The Hidden Factor in Global M&A Success: English Language Proficiency
Global merger and acquisition (M&A) activity in the first half of 2016 topped $1.71 trillion, down from $2.09 trillion in the first half of 2015 but still a prodigious volume. Of that, $580.9 billion came from global cross-border deals, with 35% targeting companies in the US ($205 billion), the highest first-half total on record. China was also exceptionally active, accounting for 54% of targeted volume in the Asia-Pacific region ($243.9 billion) and a 21% share as an acquiring nation, both also record highs.
Many factors are driving global consolidation. Plenty of mergers make sense due to superior economies of scale and the ability to increase productivity by eliminating redundant capabilities in compatible companies. Multinationals can gain access to protected markets by purchasing a prominent local player. Incumbent leaders in industries dependent on rapid innovation can break internal bottlenecks in product development or fill gaps in their product roadmaps through acquisition. Multinationals jump across borders in search of tax advantages or lower labor costs, diversification, or access to resources.
Global M&A Activity Will Continue Despite Headwinds. Even as the world moves into a period of uncertainty regarding trade policy and globalization, M&A is likely to remain a driving force in the global economy as either a primary strategy or a tactical hedge against protectionism in particular countries or regions.
However, in order for cross-border consolidation to pay expected dividends, there needs to be compatibility between the partner organizations in the merger at the operational level. Executives need visibility into the newly-acquired business unit, managers need to be able to identify complementary and redundant capabilities, and line-level workers need to communicate and collaborate with their new peers.
These tasks are challenging enough in any M&A scenario, even within the same country. The challenge is amplified when the two organizations must not only bridge cultural and operational divides, but also linguistic ones.

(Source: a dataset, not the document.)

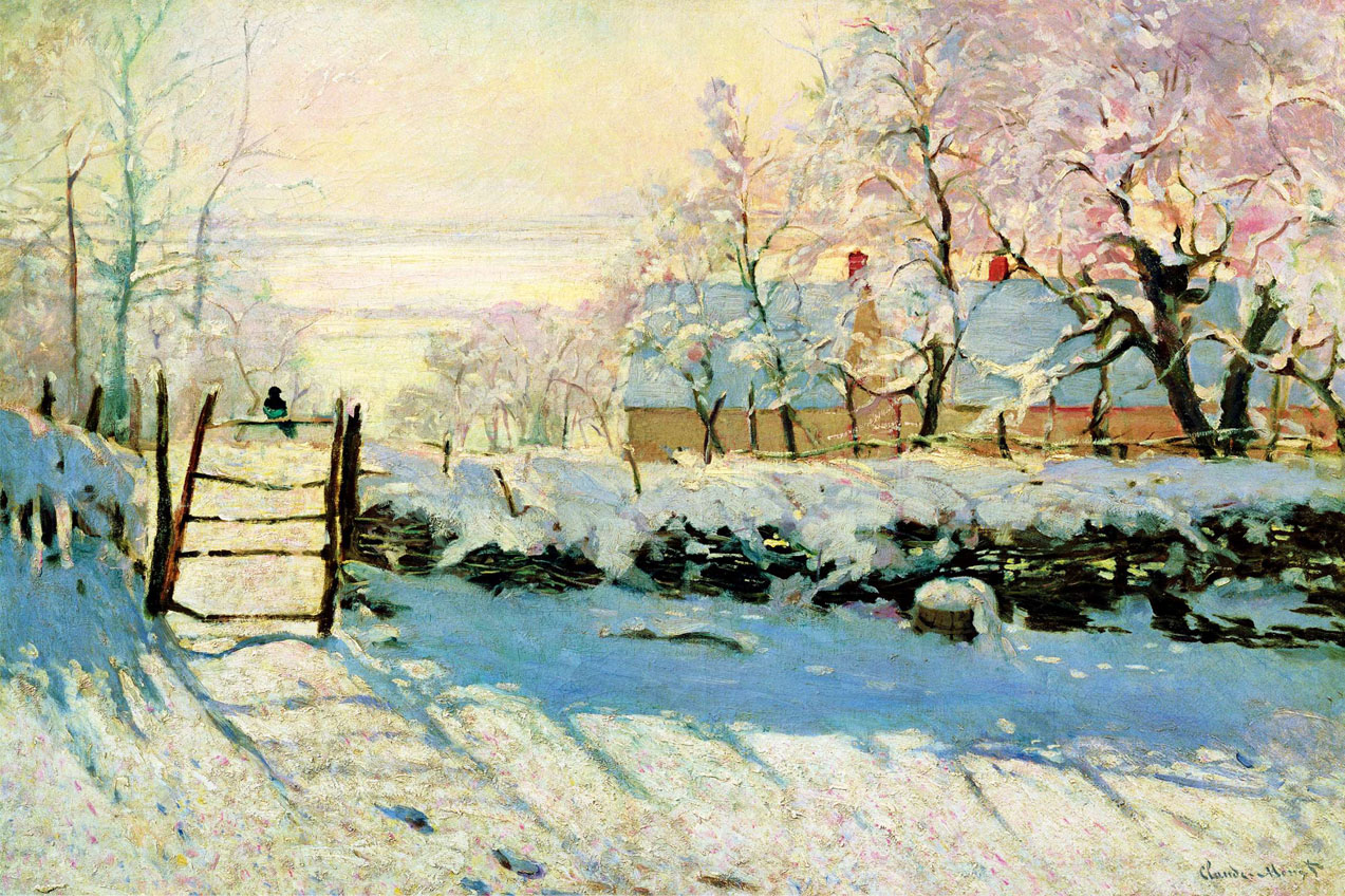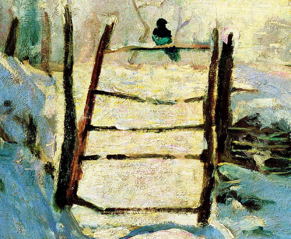 尽管这幅《喜鹊》还留有一些传统绘画风格的影子,但依然准确地记录了在光影交接处那种稍纵即逝的动感,雪后篱笆墙投下的淡蓝色阴影(不是黑色),阳光,雪地反光彼此交相辉映。

Communication is Critical to the Success of Cross-Border Mergers and Partnerships. Harvard Business School professor Tsedal Neely, in an influential 2012 article in HBR entitled “Global Business Speaks English,” wrote:
Negotiations regarding a merger or acquisition are complicated enough when everybody speaks the same language. But when they don’t, nuances are easily lost, even in simple e-mail exchanges. Also, cross-cultural integration is notoriously tricky; that’s why when Germany’s Hoechst and France’s Rhône-Poulenc merged in 1998 to create Aventis, the fifth largest worldwide pharmaceutical company, the new firm chose English as its operating language over French or German to avoid playing favorites.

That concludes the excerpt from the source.